India Film Edited to Play in Qatar

FILE: Nov 16, 2022; Doha, QATAR; La’eeb, the mascot for the FIFA World Cup Qatar 2022, on banners along the Corniche Waterfront. Mandatory Credit: Danielle Parhizkaran-USA TODAY Sports

A musical adaptation of "Monsoon Wedding" starting Thursday in Qatar had to remove alcohol and kissing, but the hit film's director Mira Nair insists it has not lost its "soul".

One of the biggest made-in-India international hits, the 2001 film recounts the chaotic preparations for the Delhi wedding of an Indian girl to an Indian-American man.

But just as its plot exposes cultural clashes when an extended Indian family comes together, bringing an adapted version to Qatar on the margins of the football World Cup has also meant some upheaval.

"With respect to Qatari society, we have made some adjustments that are superficial because we do not mean to offend anyone," director Mira Nair told AFP.

Alcohol is largely banned and public displays of affection are also forbidden, leaving viewers in Islamic Qatar without some elements of a typical Punjabi celebration.

"But at the core, what you are seeing in the musical is what it is," the award-winning director said.

"The soul is there.

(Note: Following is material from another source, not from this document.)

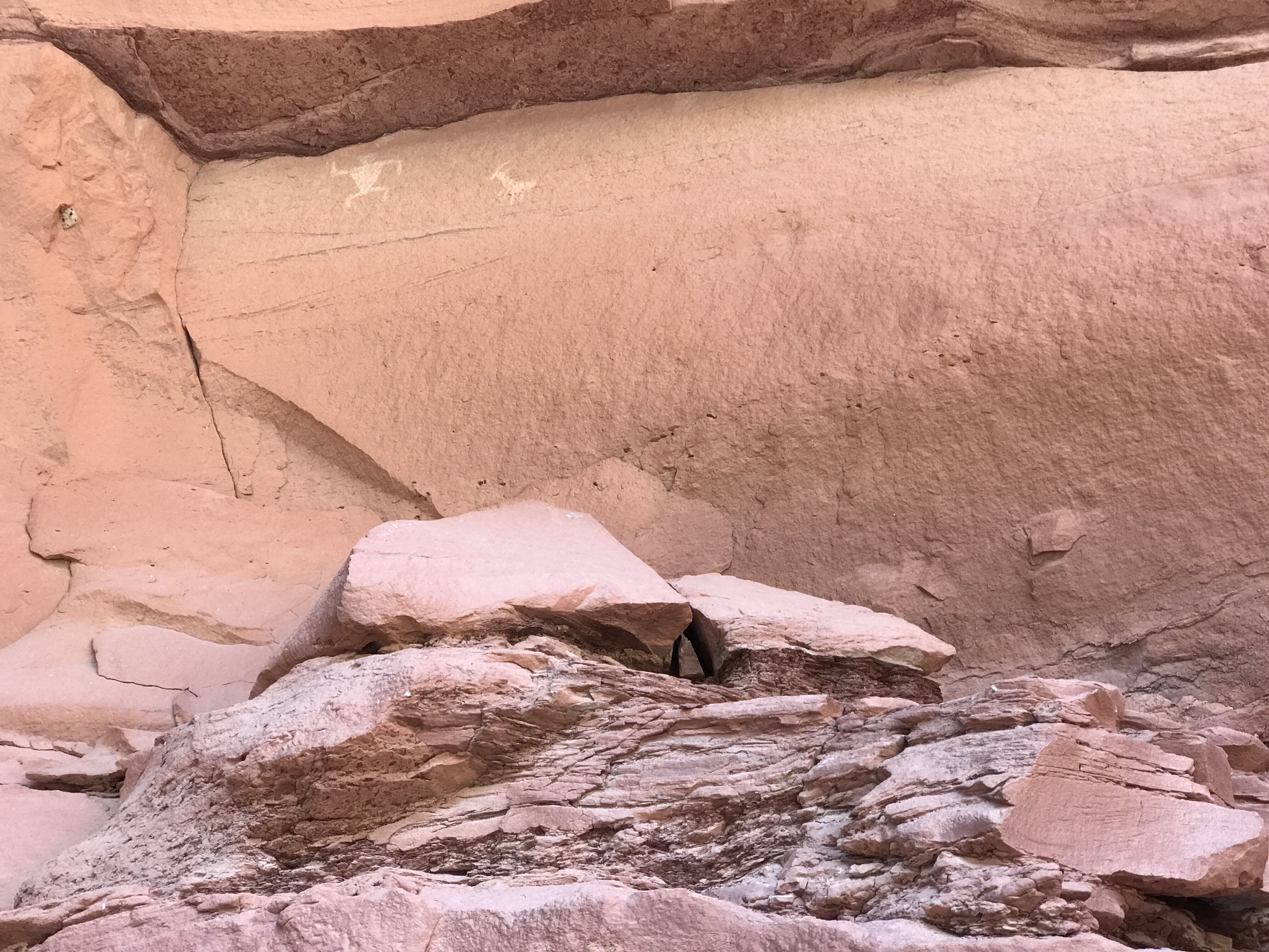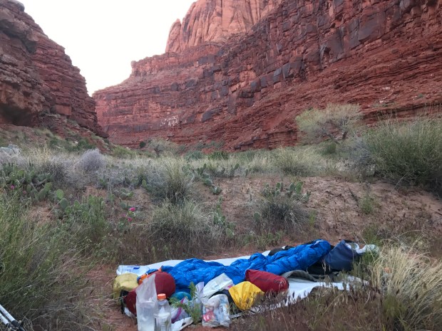 My plan had been to climb out to legal camping today but I’m stopped at the base of the cliff instead. I figured it’d be better to do an 1800 foot climb on fresh legs and dry feet. So I took my time in the last mile looking for a petroglyph panel that I didn’t find ( though I did find petroglyphs!) and filling up my water at “Last Reliable Spring”

I will not touch the soul."

Nair, 65, said that in her family, alcohol is "very ordinary for us, it is part of life. It is not in Qatar." So it had to go.

"We have just not made it the center of attention, and it never was in the play. It's just that we live with it," said the director.

Actors will say "give me an orange juice" - instead of something stronger.

"The whole joie de vivre that we want to have in this mad, crazy family is completely unaltered, but we are respectful to the place we are in," Nair stressed.

The hugging and kissing that was seen in the earlier version has also been toned down.

"There is romance," said the director. "But romance can be done in several very elegant ways, and very artful ways. The film is about love, and love comes with romance."

Performances will go on until November 27 - a week after the World Cup kicks off in the tiny Gulf country.

Nair said it told "the eternal story" of "how we navigate this challenge of love... the desire for it, but also how we keep secrets around it."

That delicate balancing act, she added, "is always something that erupts when a family gets together or two families get together in their wedding."